Investors can take advantage of the various kinds of mutual funds in the capital market to grow their wealth writes Goddy Egene
Mutual Funds are investment vehicles set up by licenced Professional Fund Managers that can be likened to what some people call “Ajo or Esusu” because they pool money from different investors together.
However, unlike “Ajo or Esusu” which just gives back the total amount contributed, Mutual Funds are generally less risky and provide an opportunity for investors, commonly referred to as Unitholders, to capitalise on the power of pooling funds and skills of the Fund Manager to achieve their investment objectives/goals.
The Unitholders own all the underlying assets and the returns generated by the assets in the Mutual Fund.
In today’s interest rate environment, let’s assume an individual walked into a bank with N5,000, 000 for a tenured deposit investment, she/he could probably get a rate of seven per cent per annum (p.a) for 30 days.
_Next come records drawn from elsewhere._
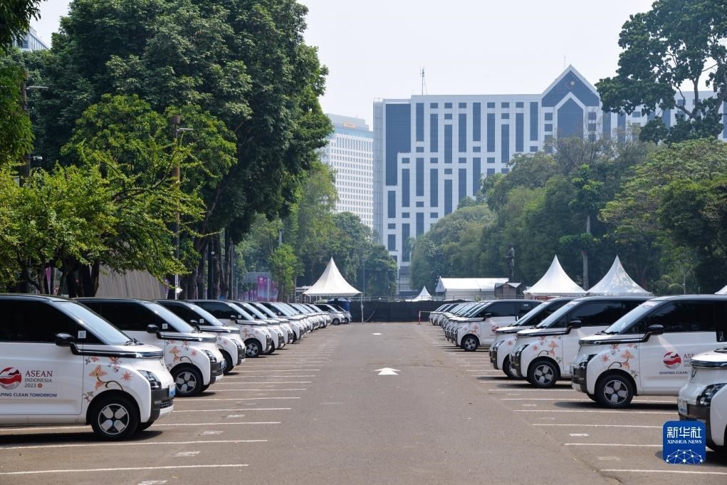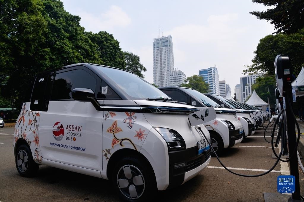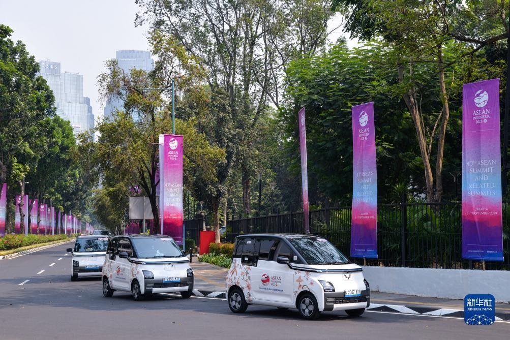 這是9月6日在印度尼西亞雅加達(dá)第43屆東盟峰會(huì)會(huì)場外拍攝的五菱新能源車Air ev。新華社記者 徐欽 攝
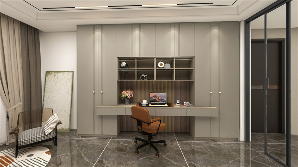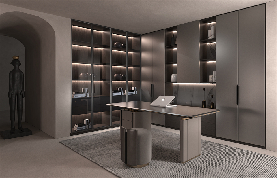 一門到頂設計(jì),一(yī)氣嗬成,簡潔霸氣。深槍灰玻璃門搭配富有(yǒu)金屬感的進口PET拉絲門板,帶給人(rén)前(qián)衛、不受拘束感的(de)同時(shí)更(gèng)添(tiān)通透性。書房空間因融入了更(gèng)多的家(jiā)居功能,空(kōng)間美感亦溫暖而來!
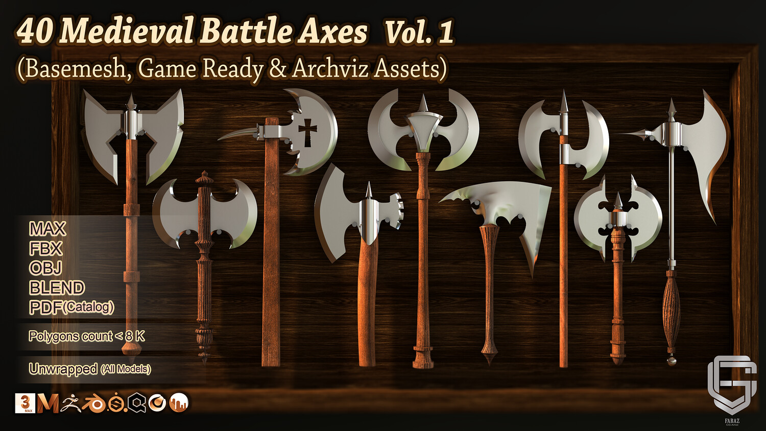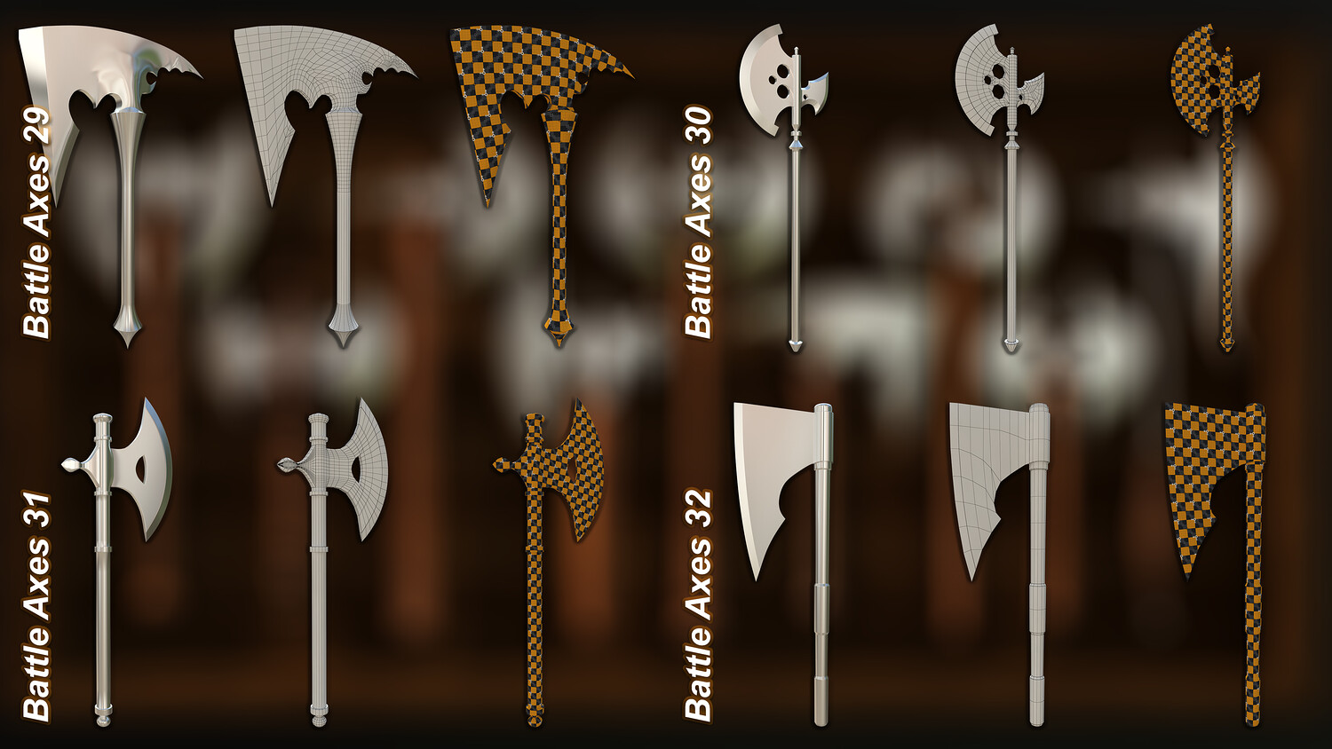 40 Medieval Battle Axes – Vol. 1 (Basemesh, Game ready & Archviz Assets)
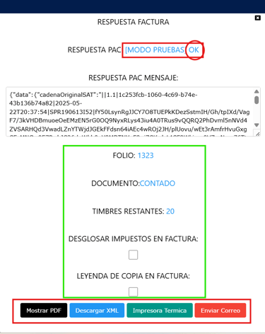 Una vez generada la factura, se abrirá una ventana mostrando el resultado de la emisión con un indicador "OK" si fue exitosa.
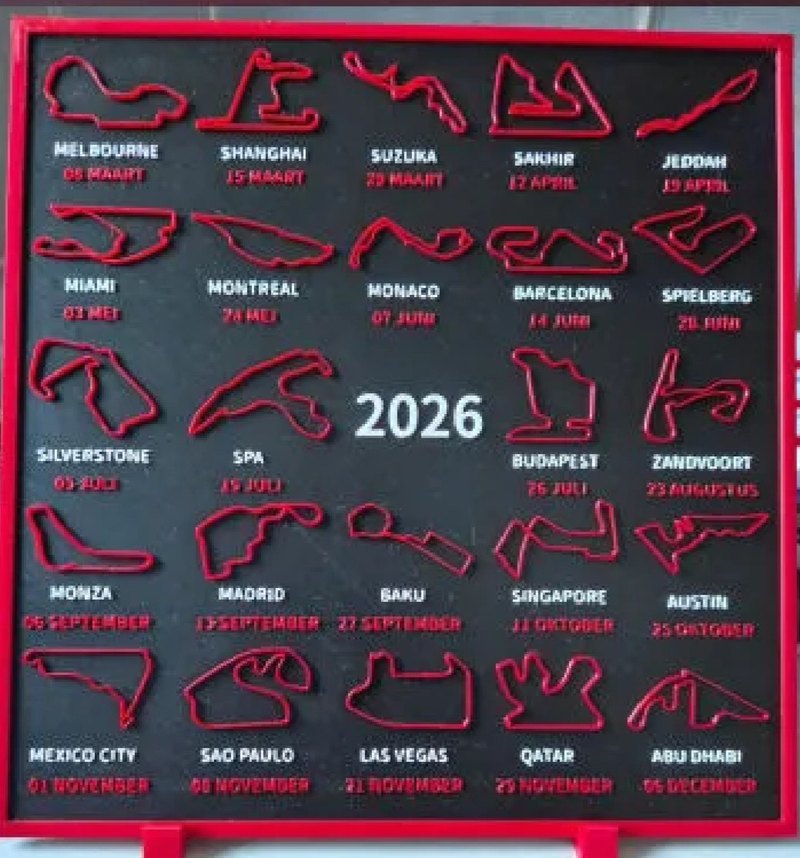 2026 yarış pistleri. Qatar, Monaco, Las Vegas ve diğerleri yer alır.
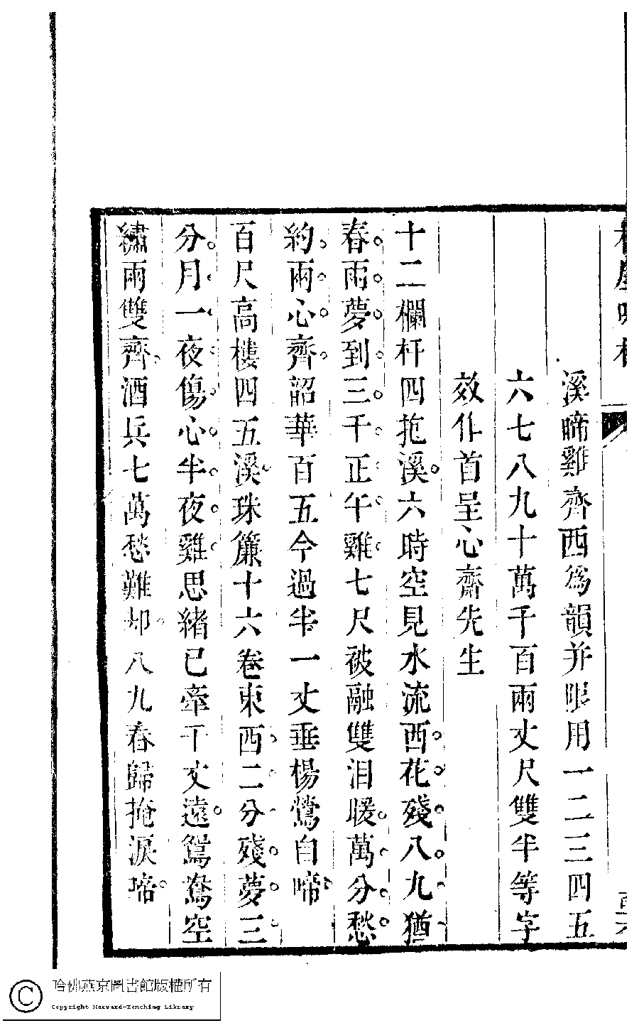 | 司宼徐健菴宗伯韓慕廬作春閨詩限以溪啼雞齊西為韻并限用一二三四五六七八九十萬千百兩丈尺雙半等字效作首呈心齋先生(二首) Si kou Xu Jian'an zong bo Han Mulu zuo chun gui shi xian yi xi ti ji qi xi wei yun bing xian yong yi er san si wu liu qi ba jiu shi wan qian bai liang zhang chi shuang ban deng zi xiao zuo shou cheng Xinzhai xian sheng 詩 - 七言律詩 shi - qiyanlüshi 尤澹僊﹐字素蘭﹐又名寄湘 You Danxian, zi: Sulan 吳中女士詩鈔(清任兆麟輯,張滋蘭選) 曉春閣詩稿﹕一卷 Wu zhong nü shi shi chao (edited by Ren Zhaolin, Qing dynasty) Xiao chun ge shi ji: 1 juan, pp. 曉春閣.15a,曉春閣.15b. |
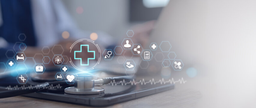 Doctor with stethoscope and Ui icon medical with advanced surgery robotic are precision on virtual interface, Future of healthcare, Medical, Science and Technology

However, if the same individual took her/his N5,000,000 and pooled it with other investors through a Mutual Fund, the total investable sum would be higher, and as such the Fund Manager would have better bargaining power and could get rates as high as 14 per cent p.a. from the same bank for 30 days. In other words, the individual would be able to generate higher returns because of her/his investment in the mutual fund.
In Nigeria, the Mutual Fund industry is heavily regulated by the Securities and Exchange Commission (SEC). Independent parties aside the professional Fund Manager include Trustees, Custodians, Registrars and Auditors. The separation of roles in the administration of Mutual Funds ensures a high level of transparency, corporate governance, and protection of the interest of the Unitholders in line with the SEC guidelines.
Mutual Funds in Nigeria cater to investors with different risk and return objectives, religious beliefs, age groups and income levels because they assist investors to achieve capital preservation, income-generation and capital appreciation through investments in financial instruments such as money market instruments, bonds, stocks and other alternative asset classes depending on the objective and investment strategy of the fund. The objective and investment strategy of the different categories of Mutual Funds will be disclosed to determine the category suitable to each investor’s goals and risk tolerance.
In Nigeria, open-end Mutual Funds are the most popular due to the flexibility to create and cancel units and accommodate more investors based on the bid (buying) and offer (selling) price of the Fund. Open-end Mutual Funds sell units of the fund directly to investors when they want to invest and buy the units back from investors when they decide to exit the fund. The bid and offer prices per unit change daily as they are determined by the values of the underlying assets in the portfolio and total number of units of the Fund. However, Money Market Funds mostly reference rates not prices; hence, the price per unit remains constant.
Categories of Mutual Funds in Nigeria
Money Market Funds
Money Market Funds (MMFs) invest in a broad range of short-term high quality money market instruments such as Treasury Bills, Commercial papers and Bank placements. MMFs are low risk Funds which offer relatively higher interest rates when compared with rates on savings account with commercial investors.
Fixed Income Funds
Fixed Income Funds (FIFs) are low to medium risk Funds that generate stable income for investors by investing in a broad range of debt securities issued by the Federal Government of Nigeria, State Governments and highly rated Corporate Institutions.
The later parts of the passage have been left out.